Vintage Maryland 2011 Calendar
We kick off football season with this tribute to the artistry of Terps games of yore. Each month is illustrated with game-day program art for games played from the 1900s to the 1970s. Nine are art covers mixed with four photos. The styles range from sports photography to abstract painting to slick 1950s-style ad art. The scores of each game are included; oddly five months feature games the Terps lost.
The open calendar is a whopping 11 by 30 inches for a reason. Each page is framable. As a result, the daily squares — here, more like rectangles — give you enough room to write a small paragraph, plus major holidays and moon cycles. The previous and following month’s days appear at the top of each page.
The calendar was printed on recycled paper. Also noted are the product’s wastes and offsets.
Asgard Press: $18.95; http://asgardpress.com.
Poe Oversized 2011 Wall Calendar
Once upon a midnight dreary, as you ponder weak and weary over many strange and curious volumes of forgotten lore — you may wonder what the date is. Celebrate a full year of the spooky Maryland master with Brooklyn-based artist Blue Bliss’ 12 digital paintings of Poe in the midst of his stories.
The spiral-bound 11-by-22-inch calendar gives you a large daily grid plus American holidays but, oddly for this subject, no phases of the moon.

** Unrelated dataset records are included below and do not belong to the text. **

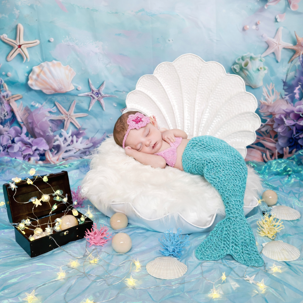海のいちばん静かな時間を、リビングにそっと連れてくる。このマーメイドニューボーンセットは、そんな気配をまとった小さな舞台です。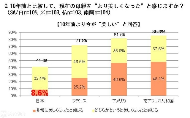 10年前と比較して、現在の母親の美しさを聞いたところ、日本以外の3か国は、70%以上が、歳を重ねた“現在の母親”の方が“美しい”と回答したのに対し、日本は半数未満の41.0%という結果になった。また、「非常に美しくなった」と回答した人は、最も多い南アフリカ共和国48.1%に対し、日本は8.6%と一割に満たなかった。
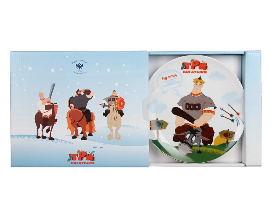 И вот теперь герои известной на весь мир эпопеи живут не только на экранах, но и на фарфоре – декоративных тарелках, детских комплектах, кофейных наборах и бокалах. Красочные, яркие изображения забавных и запоминающихся былинных образов и сюжетов передадут неповторимую атмосферу русских сказок, увлекут в удивительное путешествие с головокружительными приключениями, будут радовать каждый день и создадут позитивное настроение.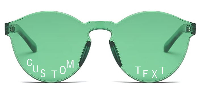 Our Custom Text Frameless Sunglasses are the ultimate game day accessory! Personalize your pair with any message you would like, such as your favorite team name, sorority or phrase! Lettering color is white, maximum of 7 letters per lens. Font is as shown.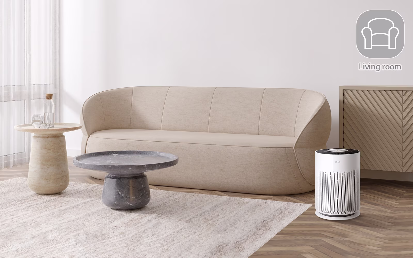 LG PuriCare™ purifies the air 360˚ around you, in every direction, no matter where you place it.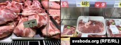 Вялікая розьніца ў цэнах на мяса (мы бяром шыйную частку сьвініны). У Менску кіляграм каштуе 10,89 BYN, у маскоўскім «Ашане» — 15,4 BYN.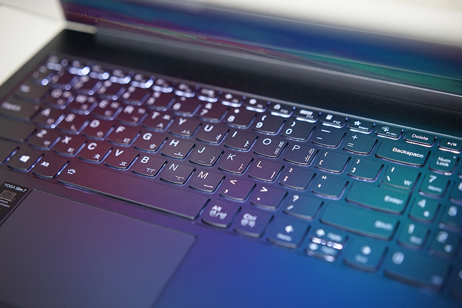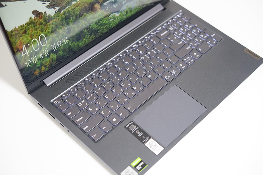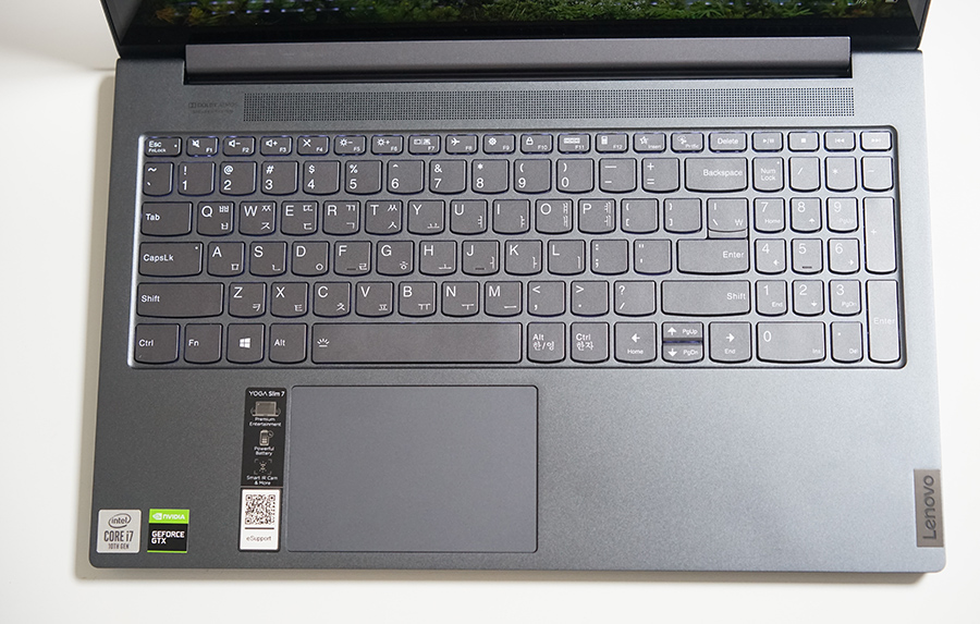 시야각에서 자유로운 IPS 스크린으로, sRGB 100% 색영역을 가지고 있습니다. 저는 2020년부터는 노트북을 선택할 때 디스플레이 패널을 선택하는 기준이 조금 까다로워졌는데요. 정확한 색표현과 화질을 기대할 수 있는 노트북의 기준점이 sRGB 100% 이라는 것을 기억하시면 좋을 것 같네요. 레노버 요가 슬림7 노트북은 얇은 베젤을 자랑하지만, 상단에는 IR 카메라도 탑재하고 있습니다.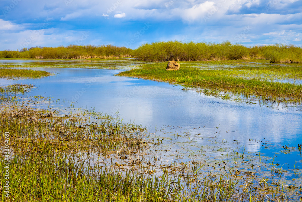 Early spring panoramic view of Biebrza river valley wetlands and nature reserve landscape in Burzyn village in Podlaskie voivodship in Poland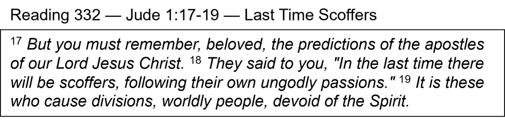 Devoid of the Spirit — The quoted prediction in verse 18 must have been limited to an oral saying because it is not found elsewhere in the NT. Nevertheless, it is true because it is written here in God’s Word as truth. The statement about these “last time … scoffers” sounds very much like the opposition to Christianity we hear around us frequently from our godless society. Here, however, it sounds like they are probably coming from within the churches because of the comment that they “cause divisions” within a moral atmosphere. They are, in fact, “worldly people, devoid of the Spirit.” We see that happening already with so-called church leaders who mock the truth given to us in the Bible, as they put human reasoning above divine revelation. People who do not have the Holy Spirit dwelling within them are led astray with all kinds of false beliefs. That is one reason we should be serious students of the Bible, being people who recognize counterfeit doctrines because they don’t conform to the truth of the Scriptures.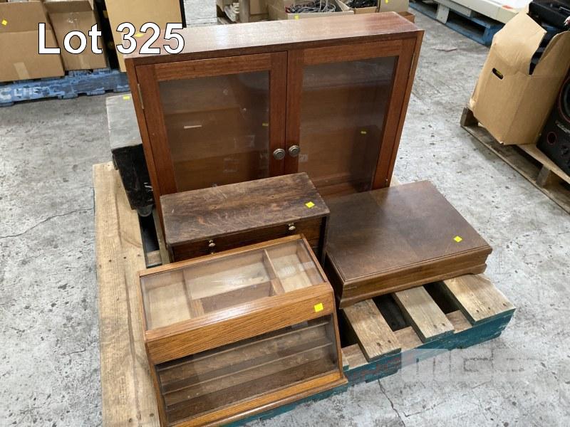 TIMBER DISPLAY & STORAGE BOXES/CABINETS, GLASS DOOR, ASSORTED SIZES,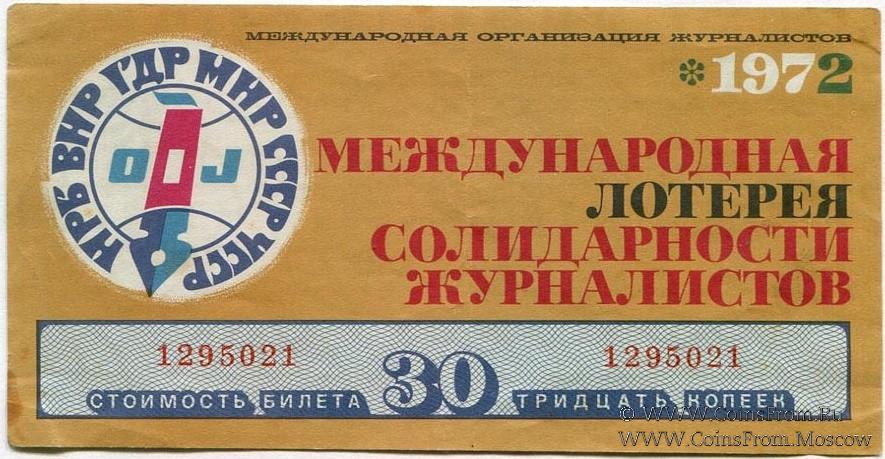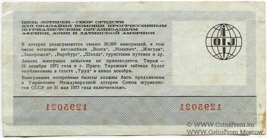 Билет. Водяной знак. Тираж в г. Праге (ЧССР). Международная лотерея солидарности журналистов.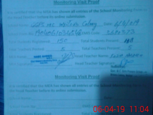 | EMIS Code: 36110373 | Name of School: GGPS MC WRITERS COLONY MULTAN | |||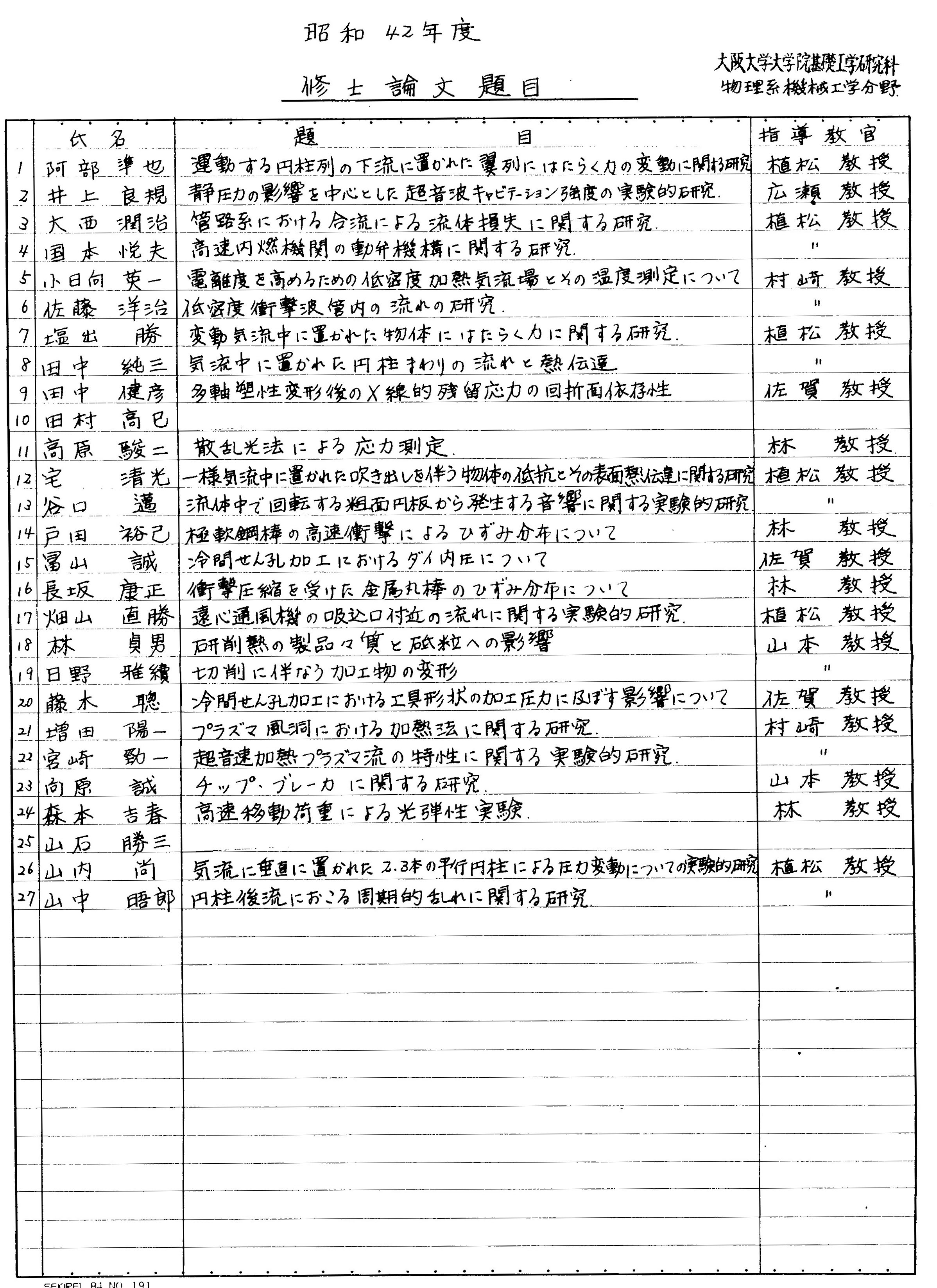 昭和42年度 修士論文題目

Café Press: $24; www.cafepress.com/+poe_oversized_wall_calendar,187626683.
Chesapeake Bay Foundation
Use this calendar and you’ll never forget to give thanks for the Chesapeake. Each month of Chesapeake Bay Foundation’s stapled calendar shows the winners of the third annual Save the Bay Photo Contest. The 13 stunning photos — taken by CBF members — trace the Bay from Pennsylvania to Virginia, honoring people and animals that depend on its waters.
The open calendar measures 11 by 17 inches with date blocks that note major holidays, seasonal changes and phases of the moon. You’ll want to be brief with your notations. The previous and next month appear on each new page. The rectangular calendar is printed on recycled paper.
Chesapeake Bay Foundation: $15; www.cbf.org/store.
Sealife Art Wall Calendar 2011
Mississippi artist Mary Kipping doesn’t live on the Chesapeake, but she has an affinity for the Bay’s most famous crustacean. Her Sealife calendar features five crab watercolors and a cluster of oysters, though they appear on the R-less month of June. But crabs are the true stars of Kipping’s work, and they dress for every occasion, from Mardi Gras to Christmas.
The 11-by-17-inch calendar is spiral bound, with a preview of 2012 for the forward thinking. U.S. holidays are marked, and there’s plenty of room for jotting. No phases of the moon.